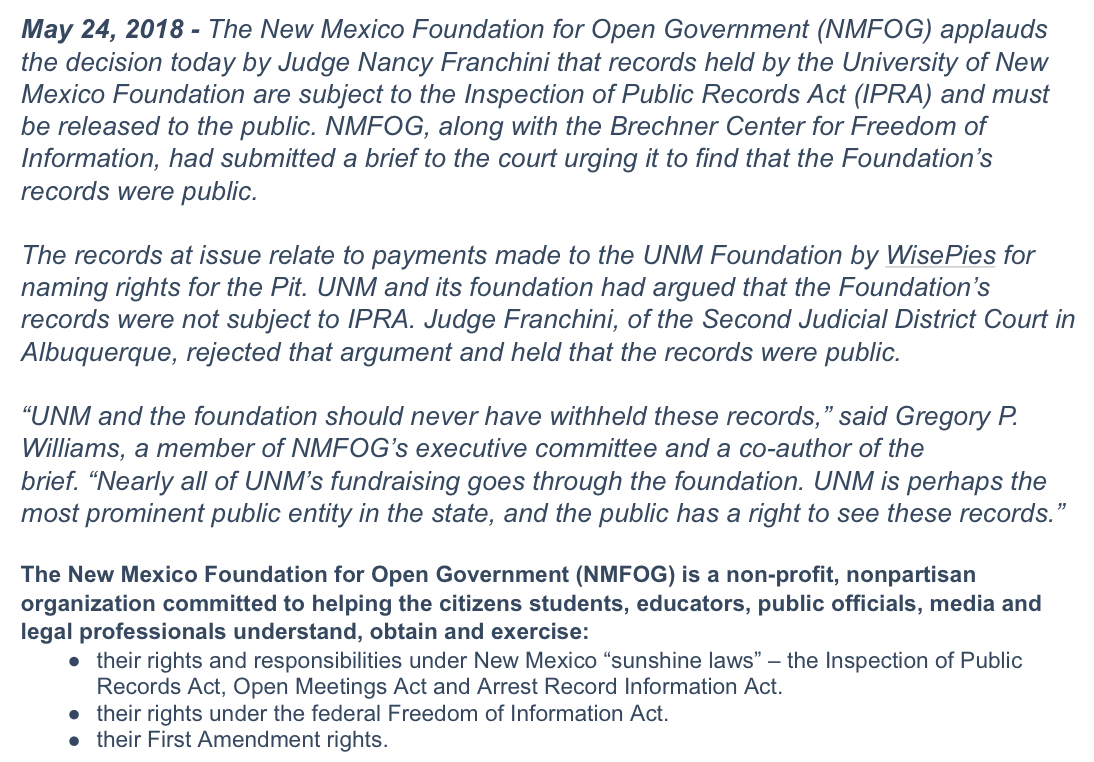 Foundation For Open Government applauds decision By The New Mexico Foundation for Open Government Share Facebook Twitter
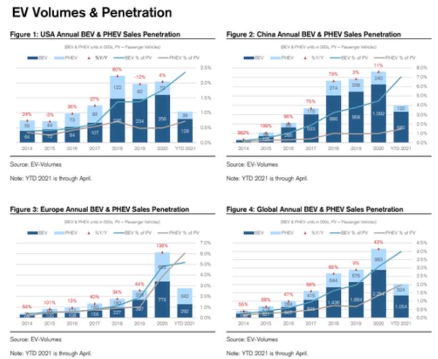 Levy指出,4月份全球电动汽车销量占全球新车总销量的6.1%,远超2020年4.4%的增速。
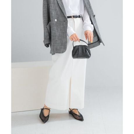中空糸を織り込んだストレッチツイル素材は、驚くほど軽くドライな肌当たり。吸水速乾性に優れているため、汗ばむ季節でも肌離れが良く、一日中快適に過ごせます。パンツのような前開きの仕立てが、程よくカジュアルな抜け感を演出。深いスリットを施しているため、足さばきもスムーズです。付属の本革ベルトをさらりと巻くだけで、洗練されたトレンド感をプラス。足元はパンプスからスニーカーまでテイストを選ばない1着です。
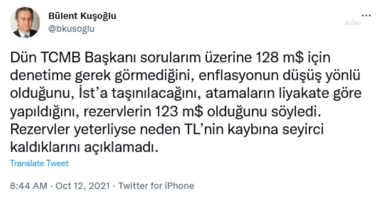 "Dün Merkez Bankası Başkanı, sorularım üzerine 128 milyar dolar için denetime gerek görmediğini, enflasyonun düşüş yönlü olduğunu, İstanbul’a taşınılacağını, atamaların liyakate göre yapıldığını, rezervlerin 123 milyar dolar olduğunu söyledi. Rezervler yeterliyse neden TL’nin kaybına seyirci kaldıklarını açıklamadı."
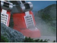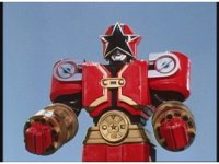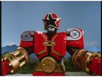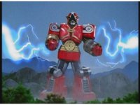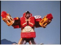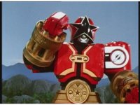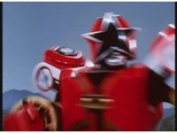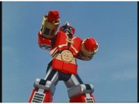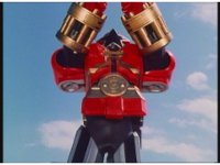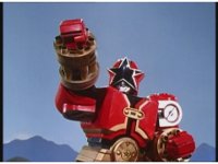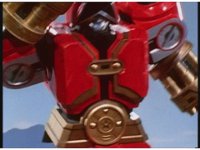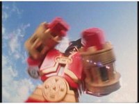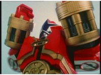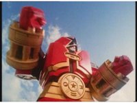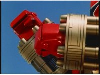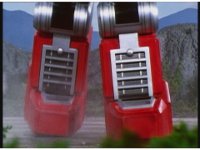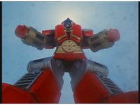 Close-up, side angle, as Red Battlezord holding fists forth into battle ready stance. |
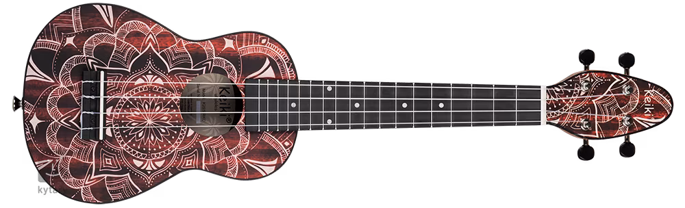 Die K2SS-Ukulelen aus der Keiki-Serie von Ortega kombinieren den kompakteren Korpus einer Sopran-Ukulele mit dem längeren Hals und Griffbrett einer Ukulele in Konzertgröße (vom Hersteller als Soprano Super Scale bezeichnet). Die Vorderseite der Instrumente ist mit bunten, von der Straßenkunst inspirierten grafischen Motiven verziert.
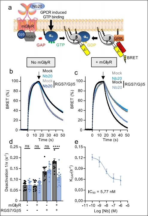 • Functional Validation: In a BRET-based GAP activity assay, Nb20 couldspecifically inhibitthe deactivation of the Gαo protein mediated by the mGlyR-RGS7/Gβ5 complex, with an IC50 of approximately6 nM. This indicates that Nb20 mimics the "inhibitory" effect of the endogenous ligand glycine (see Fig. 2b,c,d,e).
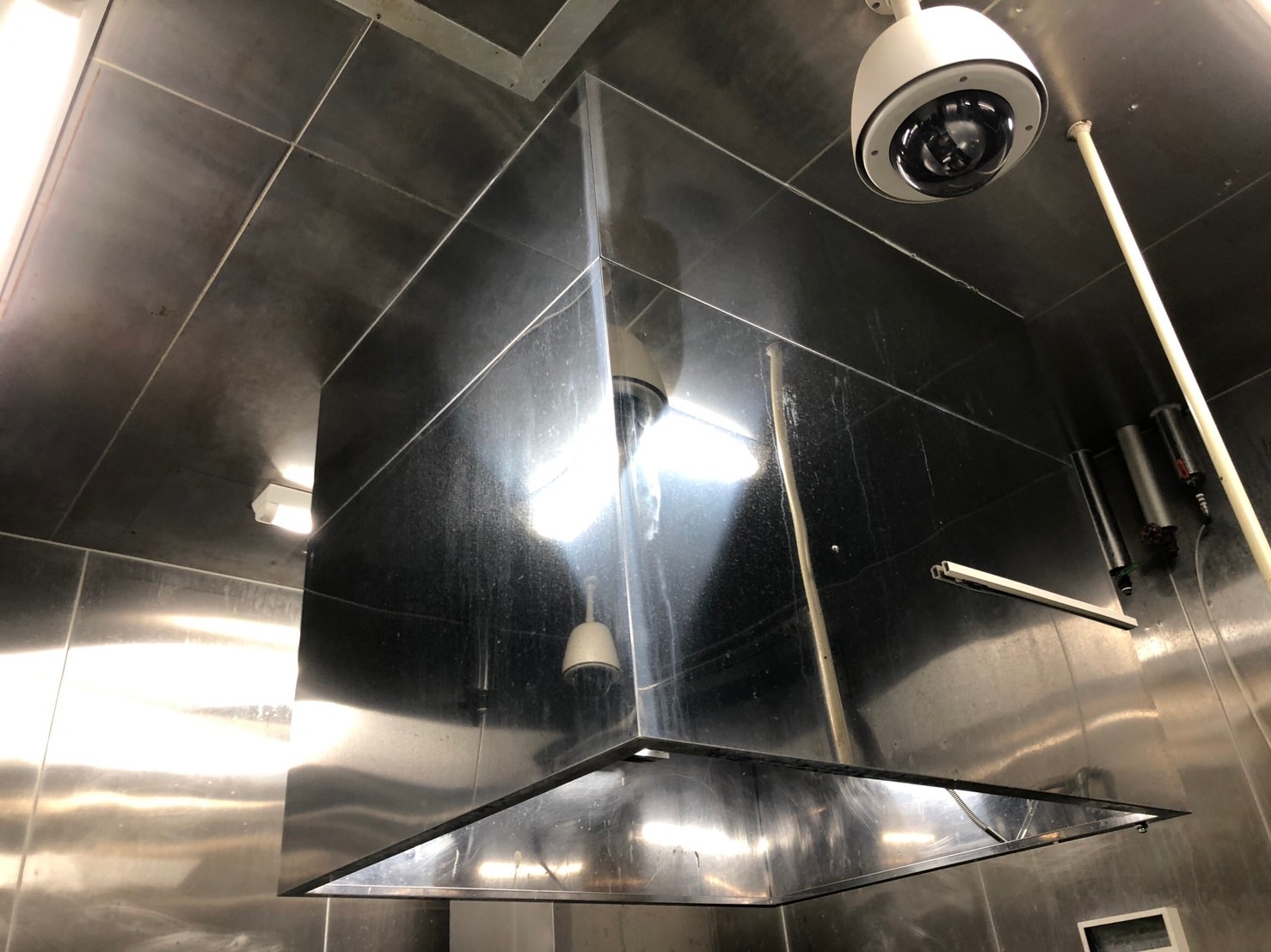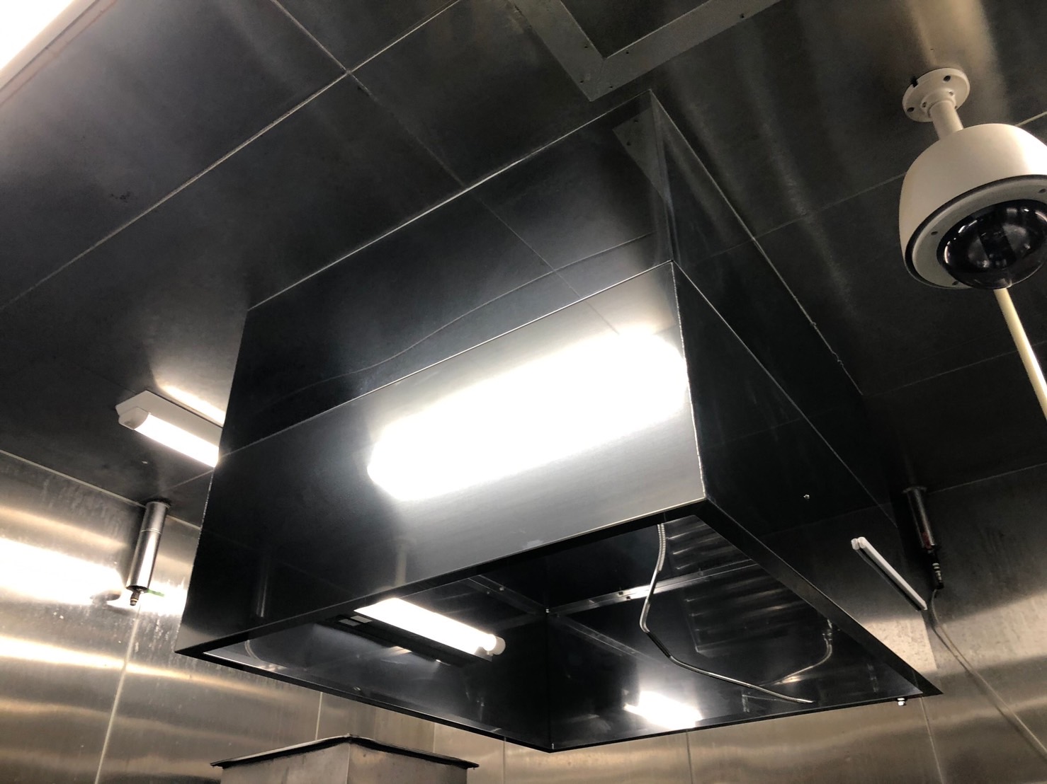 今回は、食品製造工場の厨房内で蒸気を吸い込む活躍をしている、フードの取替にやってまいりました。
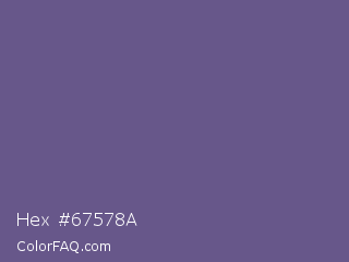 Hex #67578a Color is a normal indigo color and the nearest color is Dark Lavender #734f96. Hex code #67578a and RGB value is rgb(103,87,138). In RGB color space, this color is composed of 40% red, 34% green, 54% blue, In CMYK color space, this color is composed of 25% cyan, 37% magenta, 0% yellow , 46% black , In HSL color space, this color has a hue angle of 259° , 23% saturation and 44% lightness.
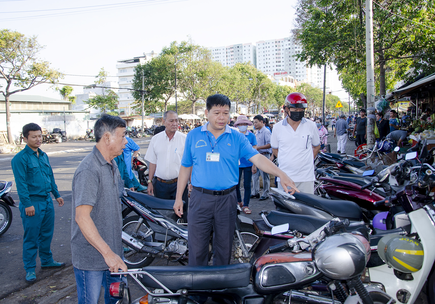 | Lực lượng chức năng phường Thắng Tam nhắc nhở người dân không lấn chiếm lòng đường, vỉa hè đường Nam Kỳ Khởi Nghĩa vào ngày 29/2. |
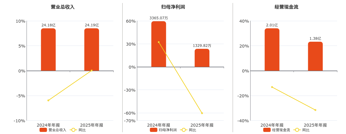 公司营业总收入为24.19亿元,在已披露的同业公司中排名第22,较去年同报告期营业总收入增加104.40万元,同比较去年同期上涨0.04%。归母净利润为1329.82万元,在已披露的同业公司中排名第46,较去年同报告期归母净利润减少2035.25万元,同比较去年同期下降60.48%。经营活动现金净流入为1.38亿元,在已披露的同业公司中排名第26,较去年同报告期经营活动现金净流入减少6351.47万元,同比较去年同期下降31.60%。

━━━

### Task description
The answer is the lines above from the one with "Close-up, side angle, as" to the one with "Die K2SS-Ukulelen aus", set down exactly, with no pictures.

### Reply
 Close-up, side angle, as Red Battlezord holding fists forth into battle ready stance. |
 Die K2SS-Ukulelen aus der Keiki-Serie von Ortega kombinieren den kompakteren Korpus einer Sopran-Ukulele mit dem längeren Hals und Griffbrett einer Ukulele in Konzertgröße (vom Hersteller als Soprano Super Scale bezeichnet). Die Vorderseite der Instrumente ist mit bunten, von der Straßenkunst inspirierten grafischen Motiven verziert.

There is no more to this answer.